After locating the line that holds "Using a camera", copy that line and all that follow it word for word through the end of the data, with no pictures.

:: Data extract ::

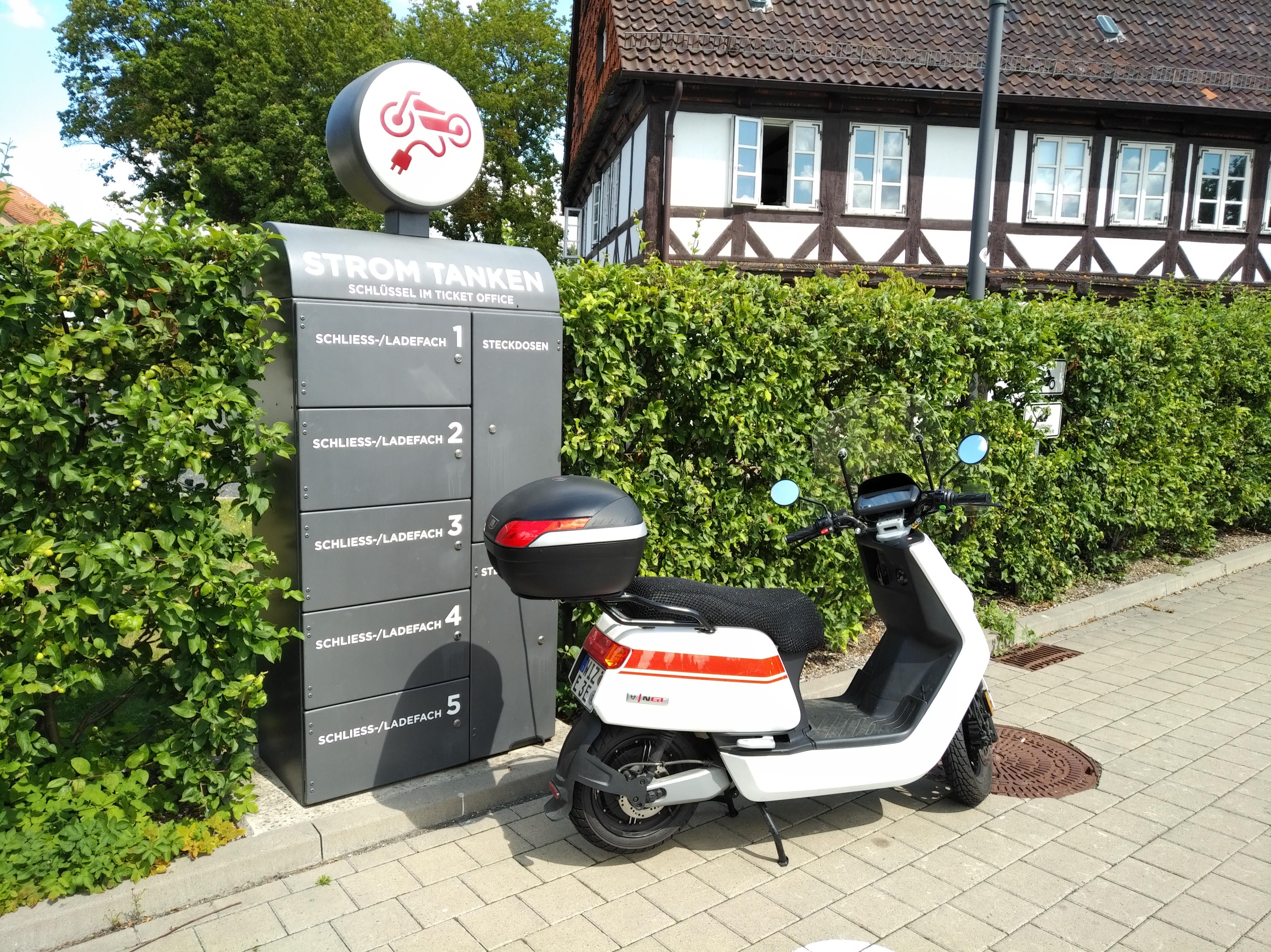 Am Haupt-Parkplatz befindet sich eine Elektro-Zweirad-Tankstelle mit Ladefächern und vielen Schuko-Steckdosen. Das Laden ist kostenlos, mit Öko-Strom. Man braucht keine App oder Ladekarte. An der Kasse gibt es die Schlüssel für die Fächer. Die Nachfrage scheint noch nicht sehr groß zu sein, daher habe ich die Akkus nicht entnommen, sondern direkt davor geparkt und das Ladegerät ins Fach gestellt.
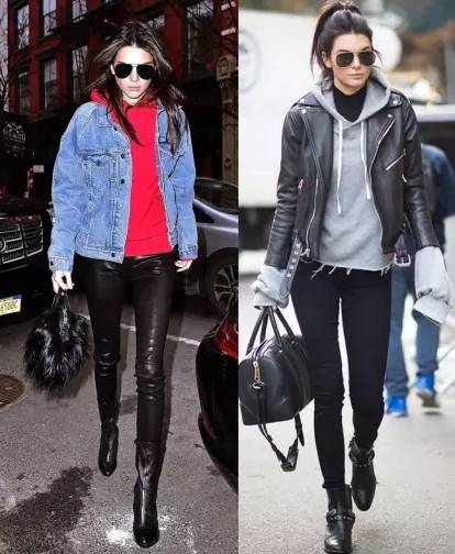 卫衣+紧身裤+牛仔外套
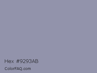 Hex #9293ab Color is a light blue color and the nearest color is Cool Grey #8c92ac. Hex code #9293ab and RGB value is rgb(146,147,171). In RGB color space, this color is composed of 57% red, 58% green, 67% blue, In CMYK color space, this color is composed of 15% cyan, 14% magenta, 0% yellow , 33% black , In HSL color space, this color has a hue angle of 238° , 13% saturation and 62% lightness.
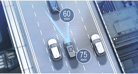 Using a camera and radar, this system monitors the distance between the vehicle and the one ahead of it ...
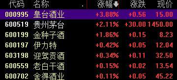 白酒股高开低走,皇台酒业涨超3%,贵州茅台涨超2%,金种子酒、伊力特小幅上涨,山西汾酒、古井贡酒跌超2%。
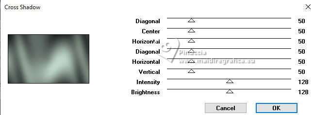 6. Effets>Modules Externes>Graphics Plus - Cross Shadow, par défaut.
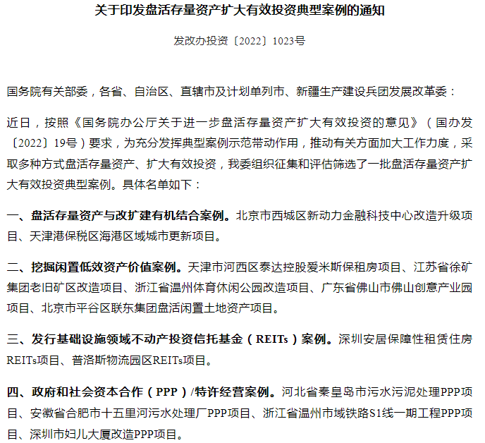 【轉載-國企國資】發改委公布24個盤活存量資產擴大有效投資典型案例
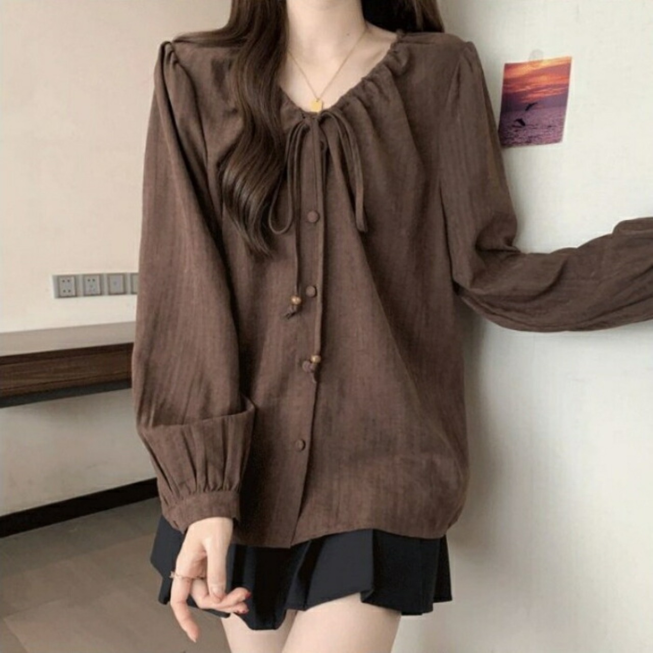 首元のリボンが大人可愛いポイントになった長袖シャツ。
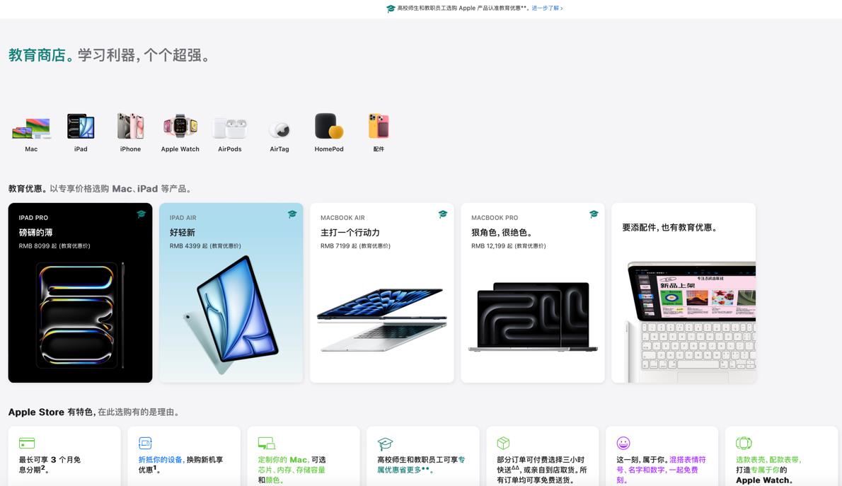 在新版教育商店中,用户可以直接看到Mac、iPad等产品在教育优惠后的起售价,为消费者提供了更加直观的购物体验。虽然目前无法直接查看所有版本产品的具体价格,但苹果公司在页面中通过配图等方式,尽可能地为消费者提供了参考信息。

:::

Your response:
 Using a camera and radar, this system monitors the distance between the vehicle and the one ahead of it ...
 白酒股高开低走,皇台酒业涨超3%,贵州茅台涨超2%,金种子酒、伊力特小幅上涨,山西汾酒、古井贡酒跌超2%。
 6. Effets>Modules Externes>Graphics Plus - Cross Shadow, par défaut.
 【轉載-國企國資】發改委公布24個盤活存量資產擴大有效投資典型案例
 首元のリボンが大人可愛いポイントになった長袖シャツ。
 在新版教育商店中,用户可以直接看到Mac、iPad等产品在教育优惠后的起售价,为消费者提供了更加直观的购物体验。虽然目前无法直接查看所有版本产品的具体价格,但苹果公司在页面中通过配图等方式,尽可能地为消费者提供了参考信息。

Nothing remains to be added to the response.